Exercise data:
▼

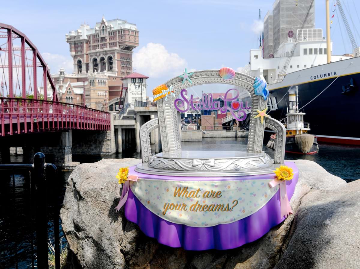 「ステラ・ルー」が夢見るステージをイメージしたフォトスポットは、貝殻や麦わら帽子など夏らしいモチーフで飾り付けされています☆
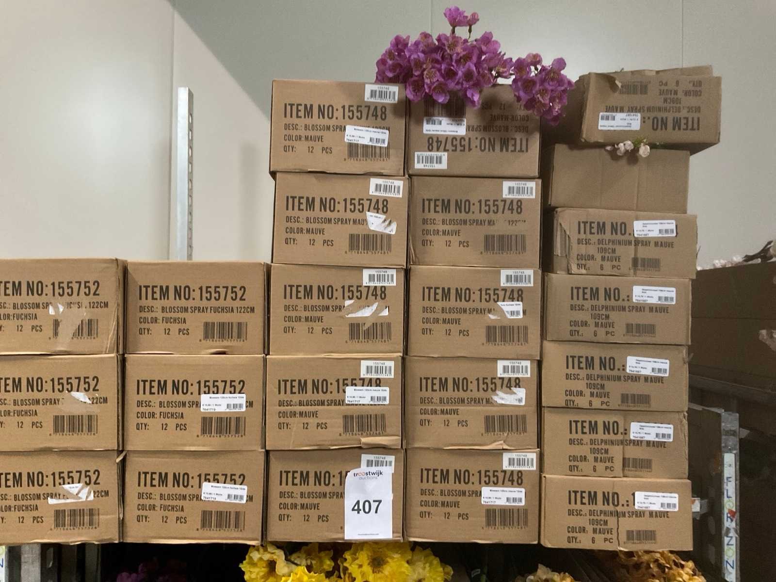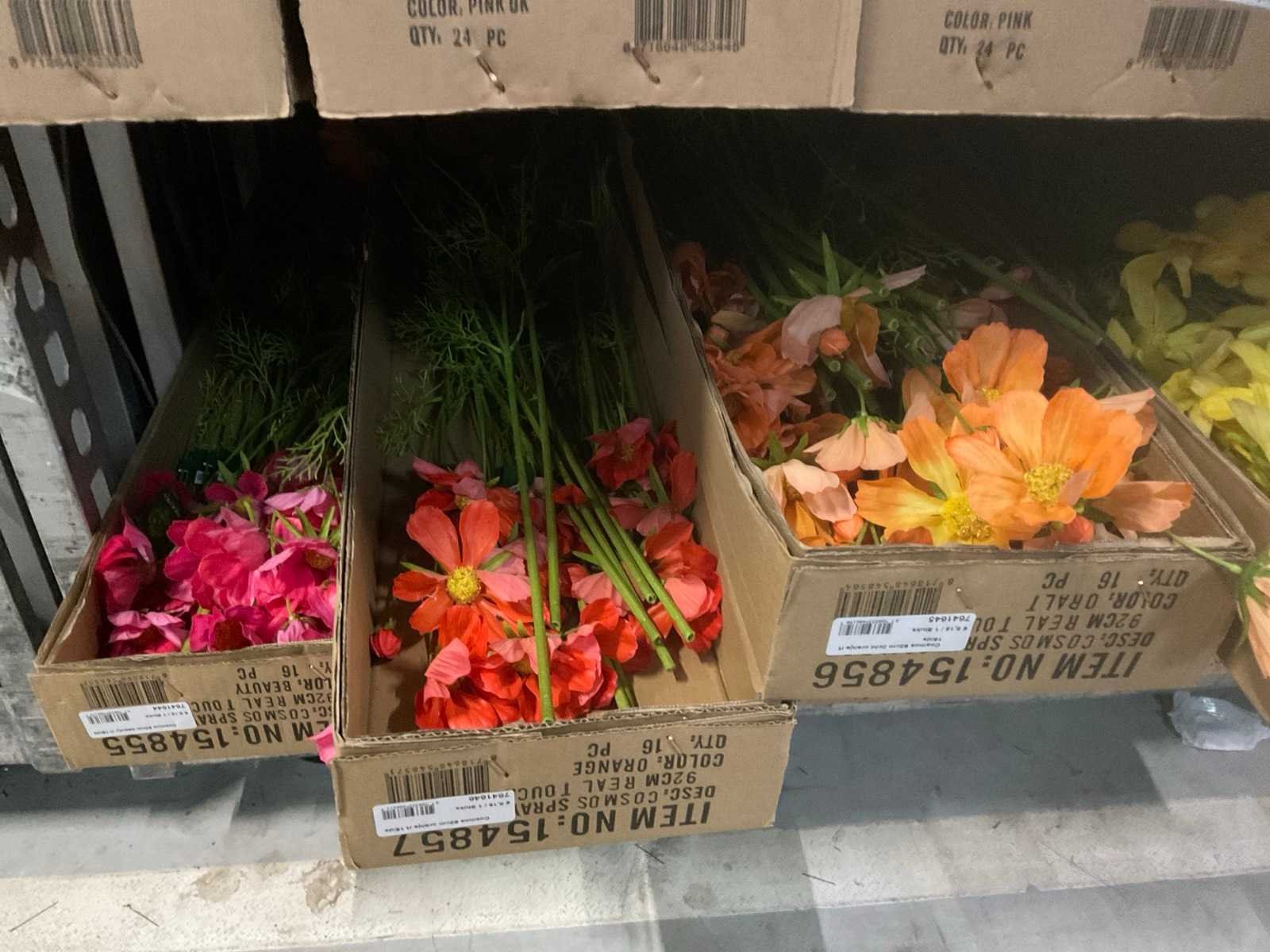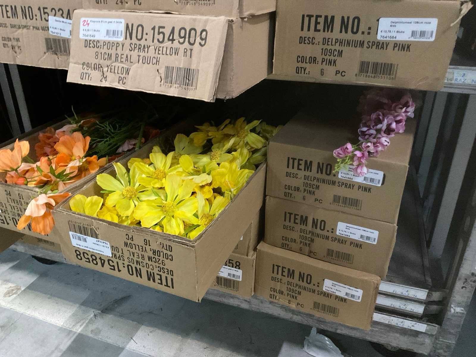 Inhoud kar, diverse soorten Silk_Ka kunstbloemen, o.a. bloesem, klaprozen, dahlia’s, delphinium, cosmos, diverse kleuren, kar niet inbegrepen
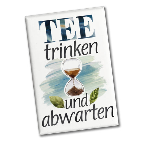 Dieser rechteckige Magnet zeigt eine Sanduhr, die statt mit Sand mit Teeblättern gefüllt ist. Der leere obere Teil symbolisiert Geduld. Der Spruch "Tee trinken und abwarten" in großen TEE-Buchstaben und sanften Aquarellfarben schafft eine beruhige Hinweise: Größe: ca. 8x5,5 cm

▲

Task goal: Output the full listing above exactly, excluding all pictures.

Problem solution:
 「ステラ・ルー」が夢見るステージをイメージしたフォトスポットは、貝殻や麦わら帽子など夏らしいモチーフで飾り付けされています☆
 Inhoud kar, diverse soorten Silk_Ka kunstbloemen, o.a. bloesem, klaprozen, dahlia’s, delphinium, cosmos, diverse kleuren, kar niet inbegrepen
 Dieser rechteckige Magnet zeigt eine Sanduhr, die statt mit Sand mit Teeblättern gefüllt ist. Der leere obere Teil symbolisiert Geduld. Der Spruch "Tee trinken und abwarten" in großen TEE-Buchstaben und sanften Aquarellfarben schafft eine beruhige Hinweise: Größe: ca. 8x5,5 cm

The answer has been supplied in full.